- Pidato KH Hasan Abdullah Sahal di Gontor menyambut kehadiran Presiden Prabowo.
- Pidato KH Hasan Abdullah Sahal di Gontor mengulas asal-usul nama pesantren.
- Pidato KH Hasan Abdullah Sahal di Gontor menyampaikan pesan filosofi pendidikan.
Suara.com - Pimpinan Pondok Modern Darussalam Gontor, K.H. Hasan Abdullah Sahal, menyampaikan pidato penuh makna, refleksi sejarah, dan selingan humor segar dalam acara Resepsi Kesyukuran 100 Tahun Pondok Modern Darussalam Gontor yang dihadiri langsung oleh Presiden Republik Indonesia, Prabowo Subianto.
Kehadiran Presiden Prabowo di Gontor kali ini disambut hangat oleh Kiai Hasan Abdullah Sahal.
Dengan gaya bertutur yang khas, blak-blakan, tapi sarat akan nilai-nilai perjuangan, beliau mengupas perjalanan satu abad pesantren yang dipimpinnya.
Berikut adalah poin-poin penting pidato K.H. Hasan Abdullah Sahal beserta deretan celetukan ikoniknya yang berhasil menjadi sorotan.

1. Arti Nama Gontor yang Penuh Filosofi
Di awal pidatonya, Kiai Hasan mengenang kembali berdirinya Gontor pada tahun 1926.
Dengan nada bercanda, beliau mengungkap asal-usul nama "Gontor" yang diplesetkan secara jenaka tapi mendalam.
"1926, ada apa, ada siapa, dan bagaimana Gontor ini? Gontor singkatan dari 'nggon kotor' (tempat kotor), karena banyak syirik, banyak kufur, banyak maksiat. Bahasa Inggrisnya molimo. Maksiat apa yang belum ada di Gontor waktu itu? Gontor nggon kotor, sekarang menjadi nggon inspirator!" ujar Kiai Hasan diiringi gemuruh tawa audiens.
2. Gontor Mewakafkan Diri untuk Umat dan Bangsa
Kiai Hasan menegaskan bahwa para pendiri Gontor, K.H. Ahmad Sahal, K.H. Zainudin Fanani, dan K.H. Imam Zarkasyi telah mewakafkan ide, sistem, lembaga, hingga cinta mereka kepada pondok ini sejak 32 tahun usia pondok, yakni tahun 1958 untuk umat Islam di seluruh dunia.
"Dengan keikhlasan para pendiri... mewakafkan ide, mewakafkan nilai, mewakafkan sistem, mewakafkan lembaga, mewakafkan cinta kepada pondok ini, sehingga mudah-mudahan Bapak Presiden dan bangsa Indonesia termasuk yang menerima 'wakaf cinta' pondok ini, dan semuanya mencintai kita semua," ujar Kiai Hasan.
3. Kritik Tajam Soal Sejarah dan Membangun Peradaban
Sebagai lembaga pendidikan yang lahir sebelum kemerdekaan, Kiai Hasan mengingatkan agar bangsa Indonesia tidak pernah melupakan sejarah, merujuk pada pesan Bung Karno "Jas Merah".
Namun, beliau menegaskan bahwa Gontor tidak hanya berhenti pada belajar sejarah, melainkan aktif membangun sejarah dan peradaban.
"Dulu masih pakai blangkon, sekarang sudah pakai peci bludru.
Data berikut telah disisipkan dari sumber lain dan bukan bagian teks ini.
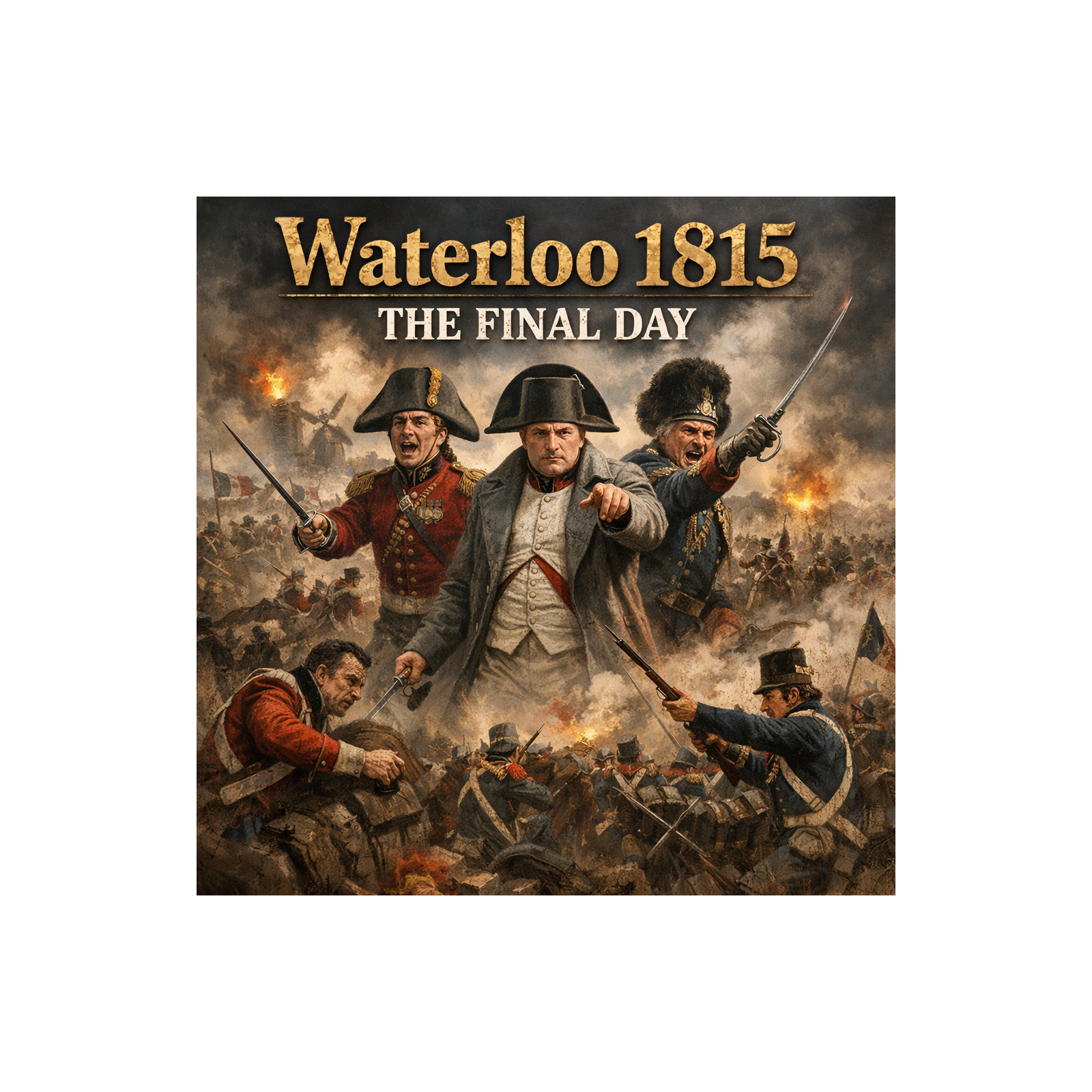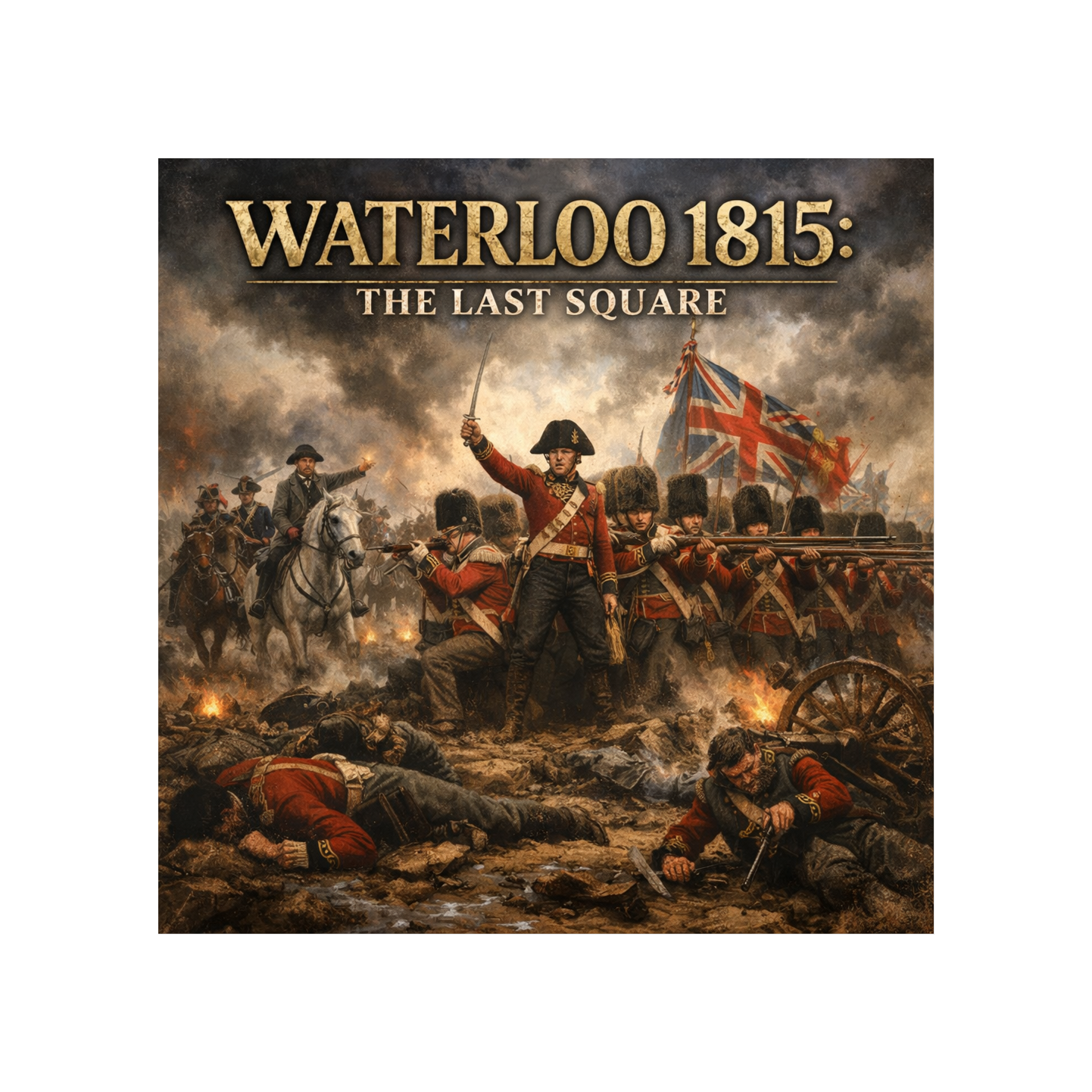 Epic true heavy metal fused with power metal, 176 BPM, C minor, Drop D, Intro with distant cannon-like drum hits + low choir pad + war-horn guitar swells, then fast galloping riffs and sharp palm-muted chugs, Verses: relentless double-kick, martial snare rolls, bass driving eighths; brief stop-start hits to mimic artillery shocks, Pre-chorus rises with climbing chords and layered vocals, Chorus: massive arena hook with gang shouts (“WATERLOO!” “HOLD!” “SQUARES!”), choir backing and bright harmonized twin-leads, Mid-song: heavy halftime stomp for “Imperial Guard” approach, then snap back to full speed; melodic/neo-classical solo with harmonic minor touches, bends, harmonized ending, Vocals: commanding male tenor with gritty edge, clear storytelling, occasional spoken lines and shouted commands, Lyrics historically grounded: 18 June 1815, Wellington’s defense (Hougoumont, La Haye Sainte)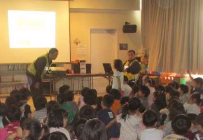 天王寺区役所安全パトロールの方に、交通安全などについて話をしていただきました。しっかりと話を聞くことができました。また、危険から身を守るための5つの約束を、安全パトロールの方としました。【発信:教頭 山口】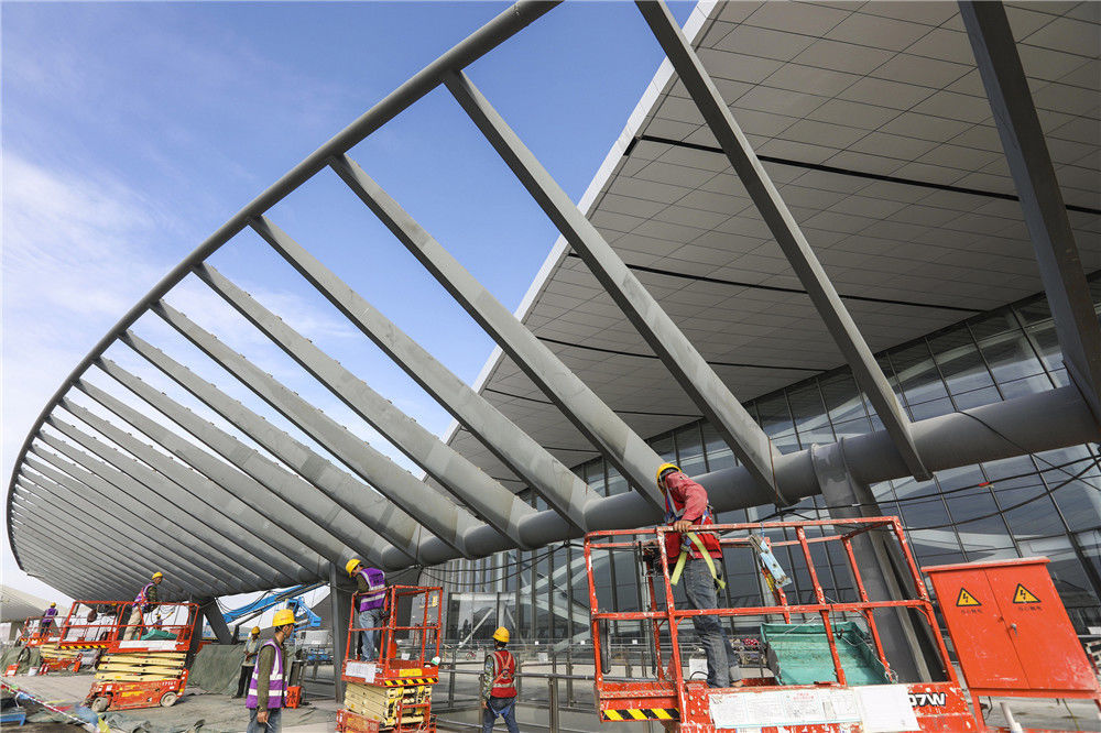2019年4月26日,北京大興國(guó)際機(jī)場(chǎng)將于9月底正式通航。工程建設(shè)進(jìn)入總攻階段,目前,航站樓內(nèi)部裝飾進(jìn)行收尾的工作。武輝/千龍圖像/視覺(jué)中國(guó)
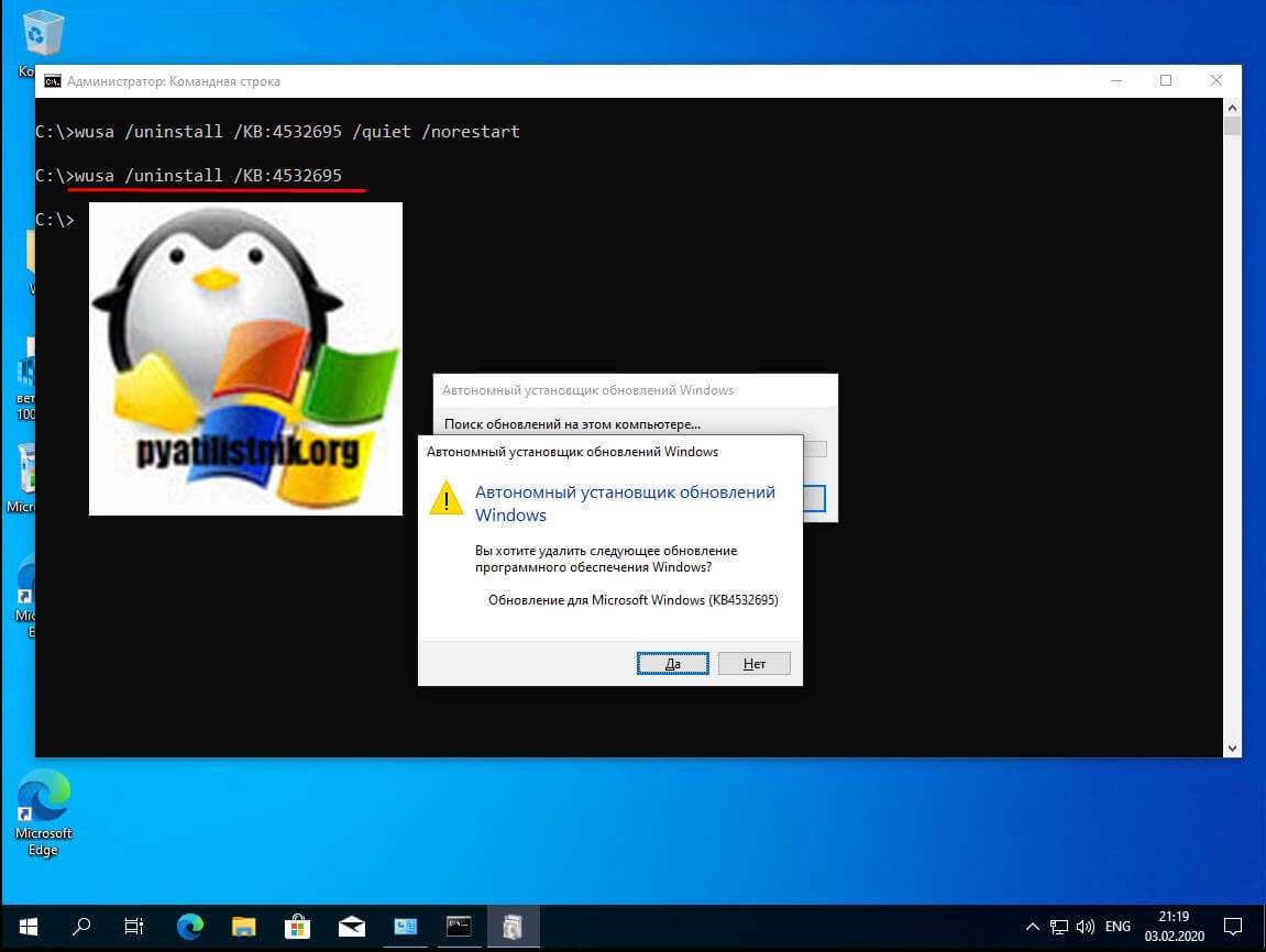 - Загрузиться в режиме восстановления Windows и попытаться откатиться на точку восстановления до установки обновления KB4532695

Dulu dianggap bloon, sekarang para mertua banyak memburu buru... Gontor tidak puas. Apa Gontor? Cerdaslah menyikapi sejarah, karena kita akan membangun sejarah! Tidak hanya berhenti bergeser pada sejarah, tetapi kita membangun sejarah, membangun peradaban dari Gontor!" ujar Kiai Hasan.